■ **Your instructions**
Each line of the data below from the one holding "En 2010, ITV" to the one holding "シャインマスカット2房、クイーンルージュ(R)2房 合計4房、約2kg ※房の大きさが様々な詰め合わせとなります。", inclusive, is to be reproduced exactly; no other line belongs in the answer.

■ **Extracted data**
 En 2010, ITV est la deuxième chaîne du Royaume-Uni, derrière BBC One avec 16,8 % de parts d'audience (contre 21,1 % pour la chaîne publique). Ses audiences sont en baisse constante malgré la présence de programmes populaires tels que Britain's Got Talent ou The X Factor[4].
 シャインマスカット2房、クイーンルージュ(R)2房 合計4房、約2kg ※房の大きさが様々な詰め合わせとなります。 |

==

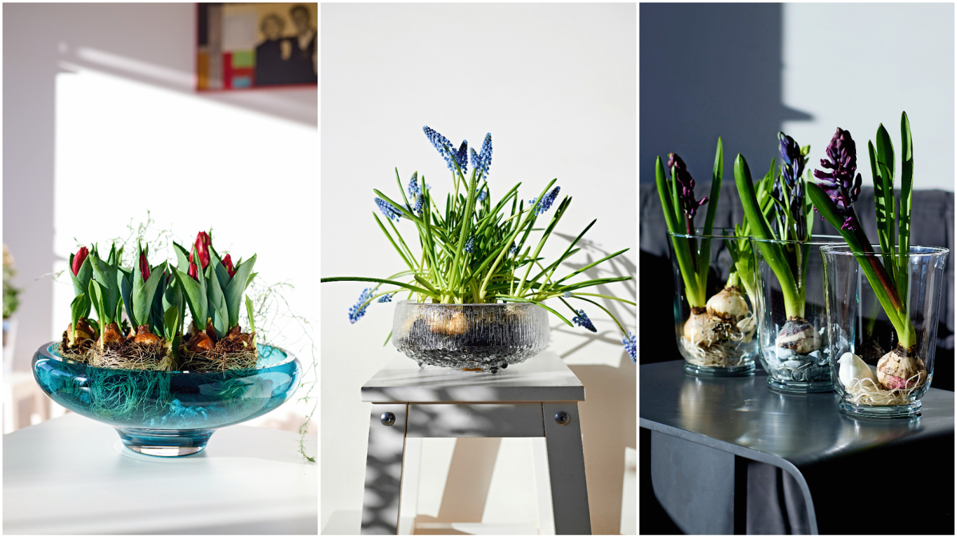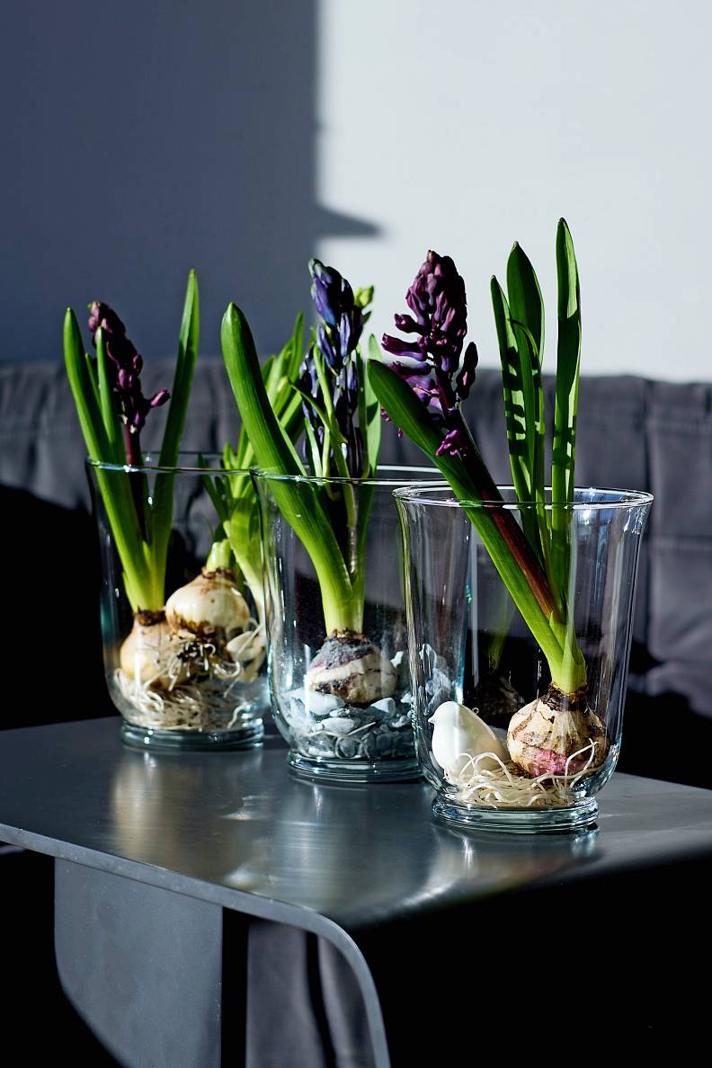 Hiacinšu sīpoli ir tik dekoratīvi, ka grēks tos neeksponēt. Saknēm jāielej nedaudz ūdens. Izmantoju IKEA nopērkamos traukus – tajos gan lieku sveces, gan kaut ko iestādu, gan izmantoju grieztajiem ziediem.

■ **Response box**
 En 2010, ITV est la deuxième chaîne du Royaume-Uni, derrière BBC One avec 16,8 % de parts d'audience (contre 21,1 % pour la chaîne publique). Ses audiences sont en baisse constante malgré la présence de programmes populaires tels que Britain's Got Talent ou The X Factor[4].
 シャインマスカット2房、クイーンルージュ(R)2房 合計4房、約2kg ※房の大きさが様々な詰め合わせとなります。 |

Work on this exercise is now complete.